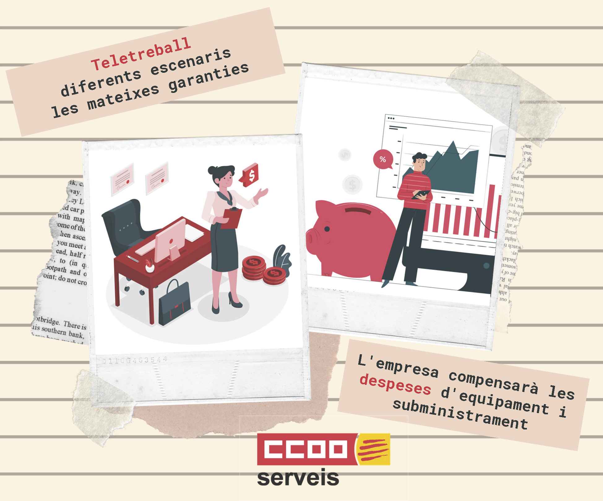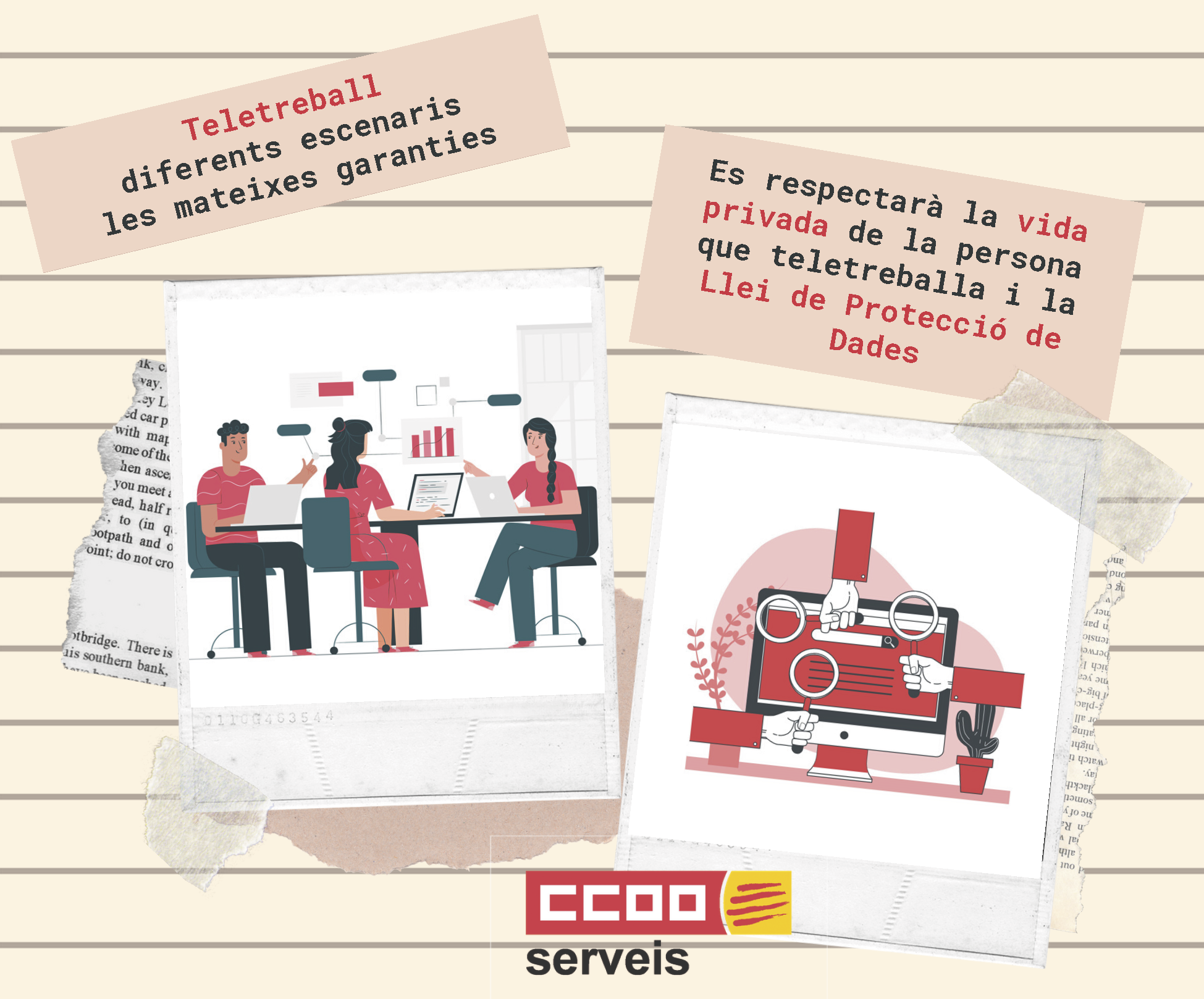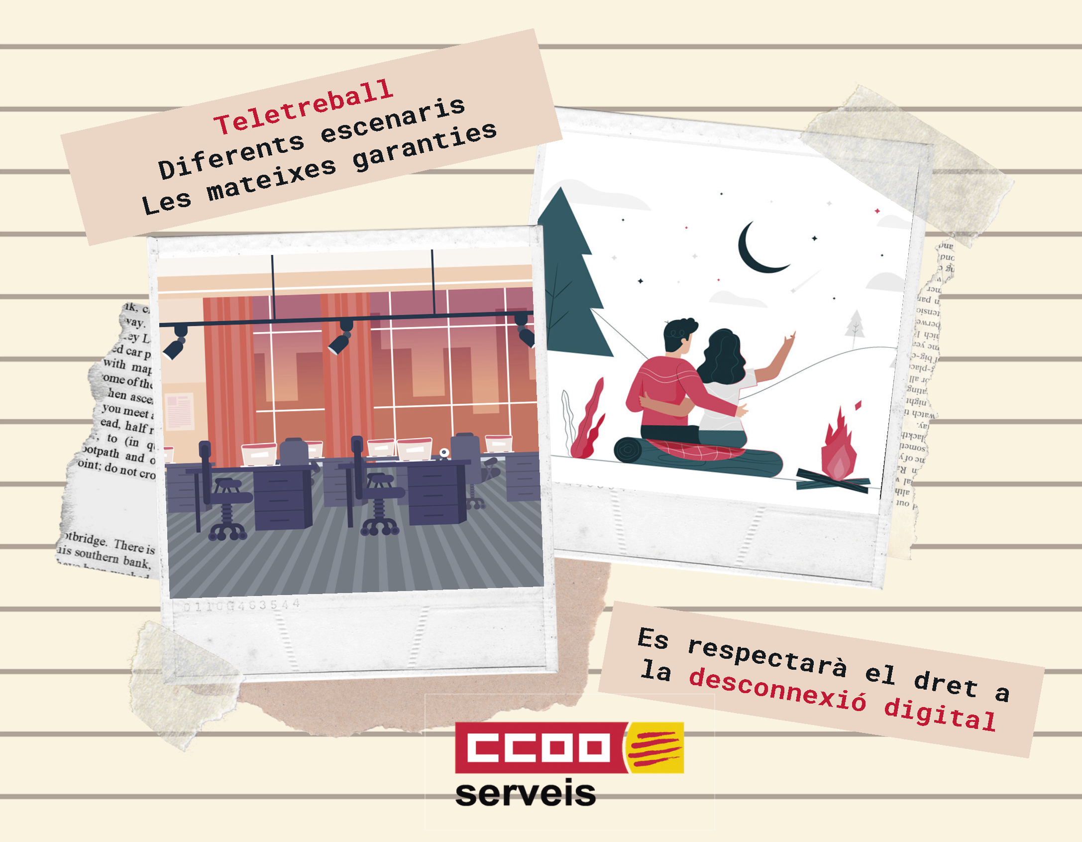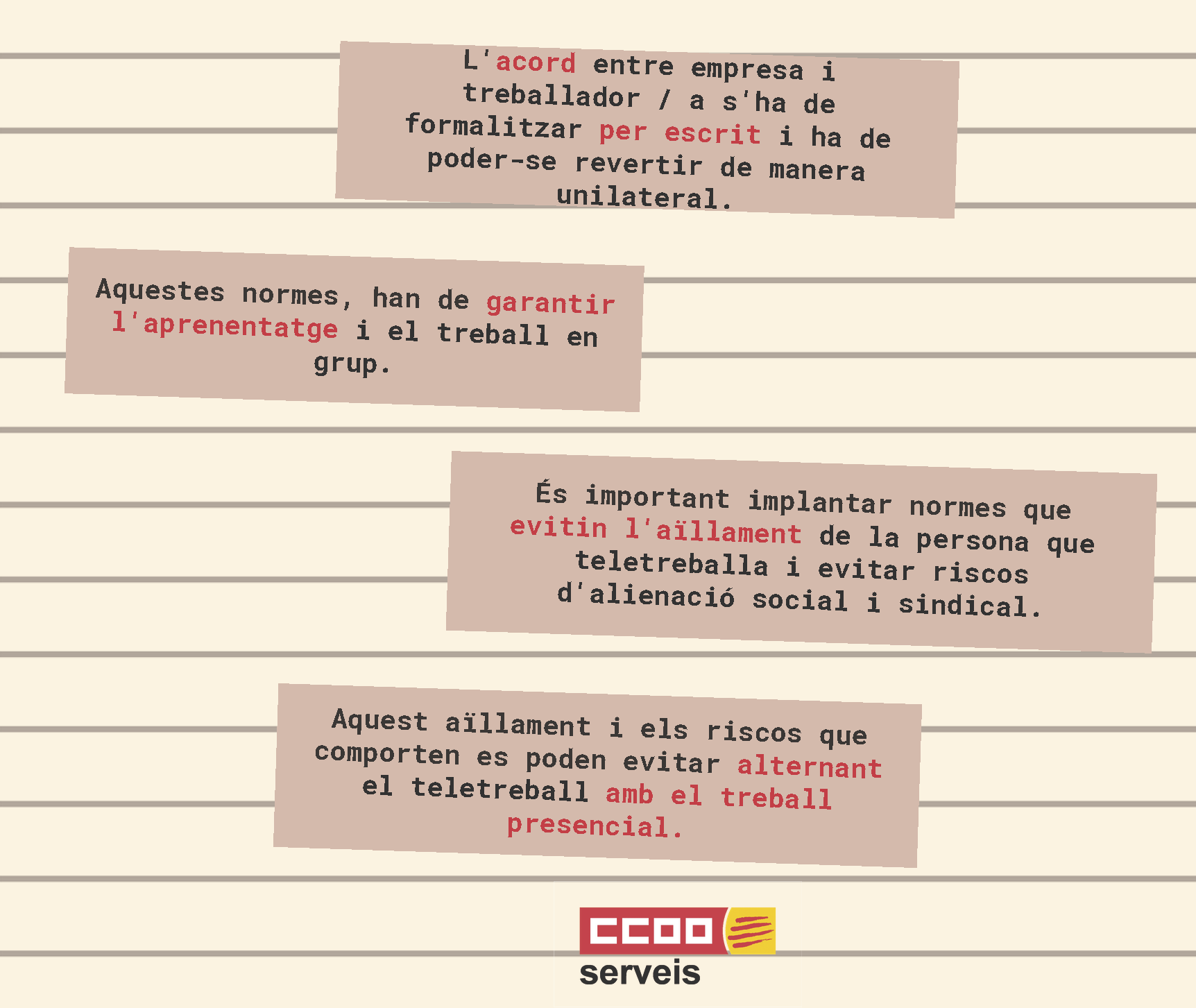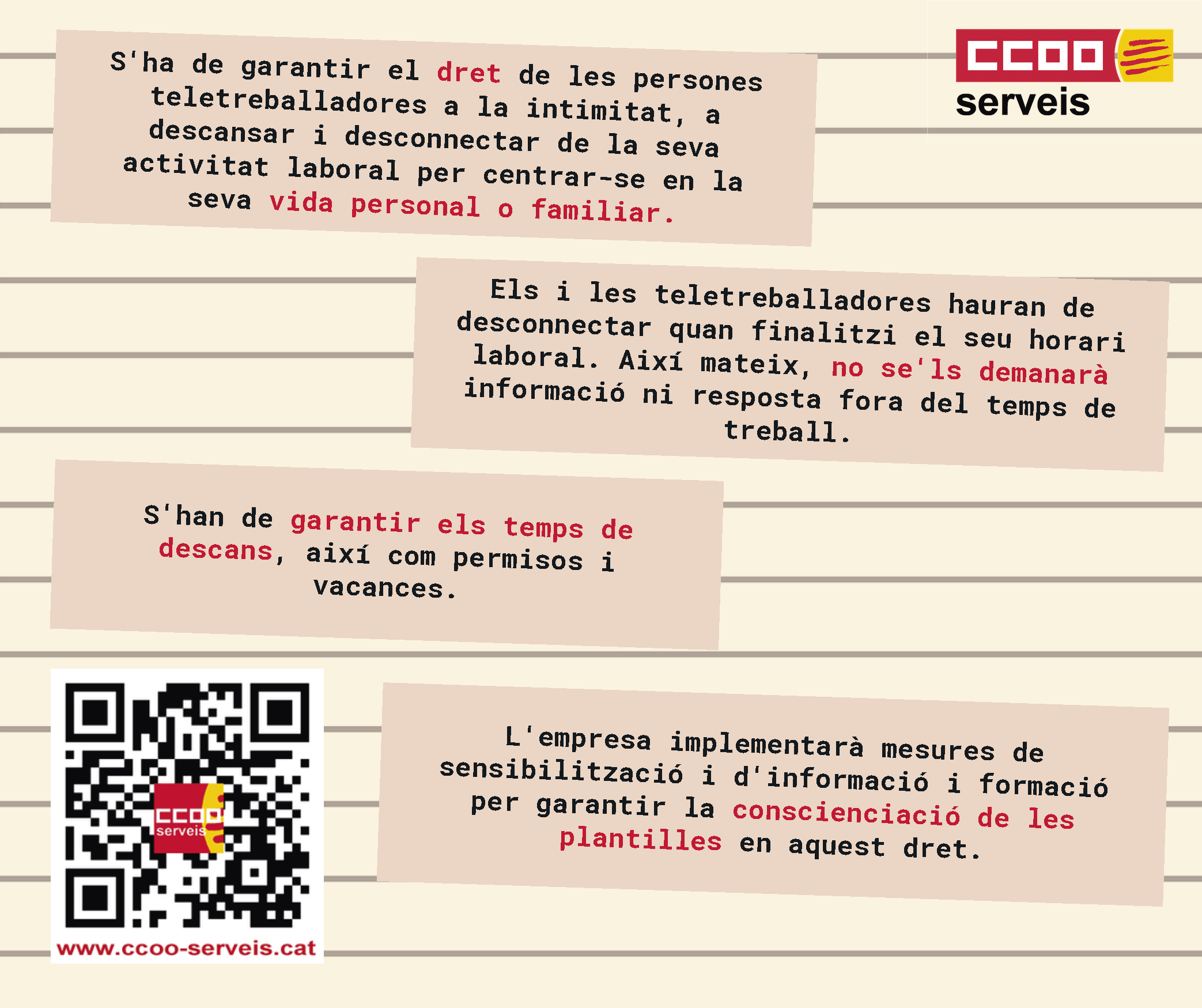 2- La persona que teletreballa ha de tenir les mateixes garanties laborals i d'ocupació que si exercís la seva tasca de manera presencial https://www.ccoo-servicios.es/archivos/catalunya/Teletreball2.pdf
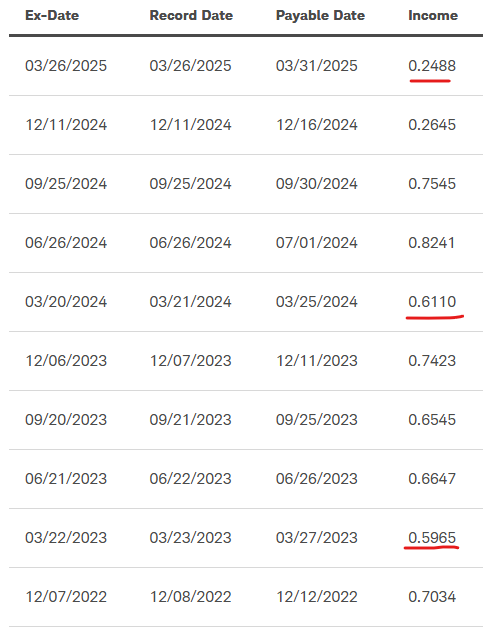 그래서 무슨 일인가 했더니 SCHD에서 3월 분배금이 아주 적게 나왔던 것이었다.
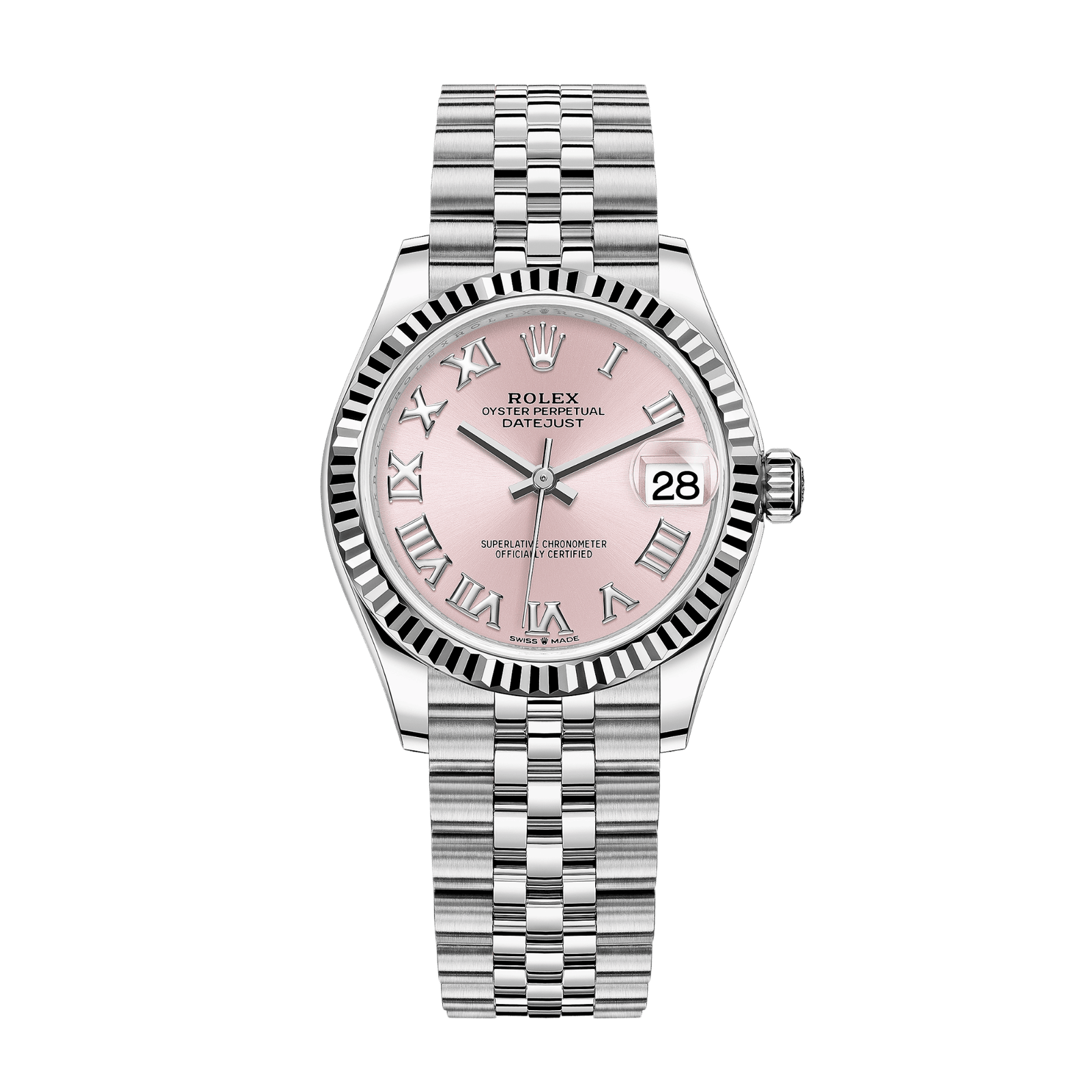 The Rolex Datejust Steel Jubilee Pink Dial 31mm Ref. 278274-0020 combines timeless craftsmanship with refined design, making it a standout in the Oyster Perpetual collection. This model features a 31mm Oystersteel case with a white gold fluted bezel, a signature Rolex element that highlights both form and function. The pink sunray-finished dial, adorned with Roman numerals, achieves a subtle glow through meticulous brushing techniques, ensuring dynamic light reflections with every wrist movement. Powered by the self-winding Calibre 2236, this chronometer-certified movement offers a reliable 55-hour power reserve and precise timekeeping. The Jubilee bracelet, designed for both comfort and elegance, is crafted from stainless steel and secured with a folding clasp for a seamless fit. With its robust construction, 100-meter water resistance, and classic aesthetic, the Ref. 278274-0020 is a versatile choice for those who appreciate understated luxury paired with mechanical excellence.Read More
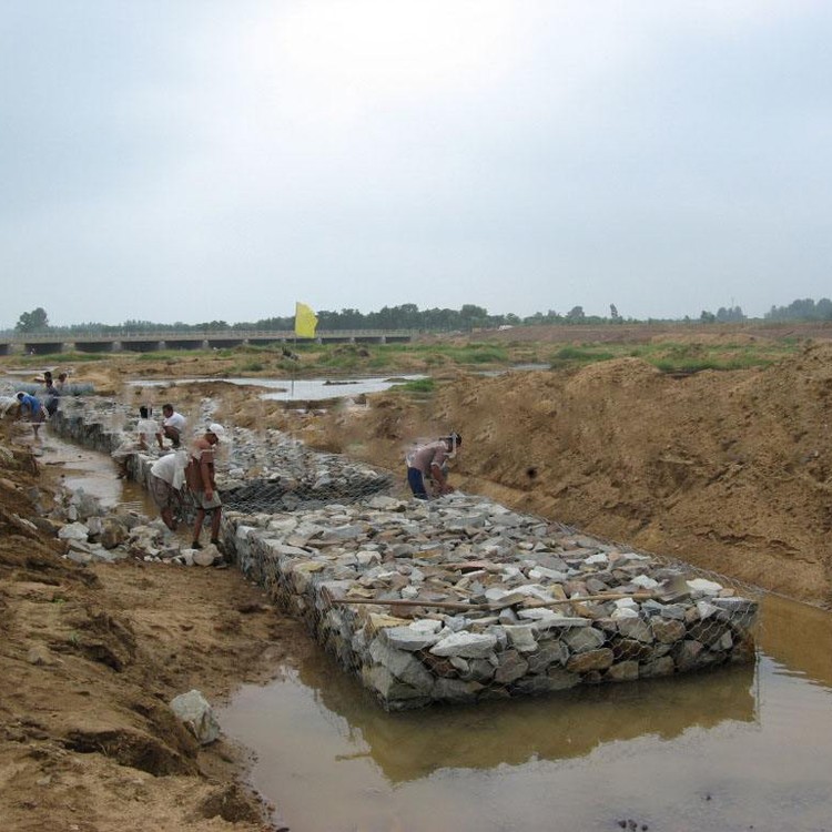賓格網(wǎng)可用于堤岸防護(hù),或者對(duì)整個(gè)河床及河岸進(jìn)行防護(hù),比較適合原始岸坡較緩的河道。以設(shè)計(jì)枯水位為界,上部為護(hù)坡工程,下部為護(hù)腳工程。護(hù)坡工程是對(duì)原始岸坡進(jìn)行修整處理后再鋪設(shè)護(hù)坡反濾層及生態(tài)格網(wǎng)網(wǎng)墊結(jié)構(gòu)面層,以防止水流沖刷、波浪沖擊、水位變化和地下水外滲侵蝕等對(duì)岸坡表面的破壞;護(hù)腳工程則采用抗沖材料鋪設(shè)于坡腳附近水下河床,形成保護(hù)層,防止水流淘刷,達(dá)到保護(hù)堤岸根基的目的。格賓網(wǎng)最大的優(yōu)點(diǎn)是生態(tài)性,其內(nèi)部充填的是天然石料,石料之間有間隙,允許植物在其中生長(zhǎng),還可以有針對(duì)性地播種合適的植物,具有工程護(hù)坡與植物護(hù)坡的雙重功效。

# # # # #

> Work required
Repeat the data word for word; drop the pictures.

> Final answer
 2- La persona que teletreballa ha de tenir les mateixes garanties laborals i d'ocupació que si exercís la seva tasca de manera presencial https://www.ccoo-servicios.es/archivos/catalunya/Teletreball2.pdf
 그래서 무슨 일인가 했더니 SCHD에서 3월 분배금이 아주 적게 나왔던 것이었다.
 The Rolex Datejust Steel Jubilee Pink Dial 31mm Ref. 278274-0020 combines timeless craftsmanship with refined design, making it a standout in the Oyster Perpetual collection. This model features a 31mm Oystersteel case with a white gold fluted bezel, a signature Rolex element that highlights both form and function. The pink sunray-finished dial, adorned with Roman numerals, achieves a subtle glow through meticulous brushing techniques, ensuring dynamic light reflections with every wrist movement. Powered by the self-winding Calibre 2236, this chronometer-certified movement offers a reliable 55-hour power reserve and precise timekeeping. The Jubilee bracelet, designed for both comfort and elegance, is crafted from stainless steel and secured with a folding clasp for a seamless fit. With its robust construction, 100-meter water resistance, and classic aesthetic, the Ref. 278274-0020 is a versatile choice for those who appreciate understated luxury paired with mechanical excellence.Read More
賓格網(wǎng)可用于堤岸防護(hù),或者對(duì)整個(gè)河床及河岸進(jìn)行防護(hù),比較適合原始岸坡較緩的河道。以設(shè)計(jì)枯水位為界,上部為護(hù)坡工程,下部為護(hù)腳工程。護(hù)坡工程是對(duì)原始岸坡進(jìn)行修整處理后再鋪設(shè)護(hù)坡反濾層及生態(tài)格網(wǎng)網(wǎng)墊結(jié)構(gòu)面層,以防止水流沖刷、波浪沖擊、水位變化和地下水外滲侵蝕等對(duì)岸坡表面的破壞;護(hù)腳工程則采用抗沖材料鋪設(shè)于坡腳附近水下河床,形成保護(hù)層,防止水流淘刷,達(dá)到保護(hù)堤岸根基的目的。格賓網(wǎng)最大的優(yōu)點(diǎn)是生態(tài)性,其內(nèi)部充填的是天然石料,石料之間有間隙,允許植物在其中生長(zhǎng),還可以有針對(duì)性地播種合適的植物,具有工程護(hù)坡與植物護(hù)坡的雙重功效。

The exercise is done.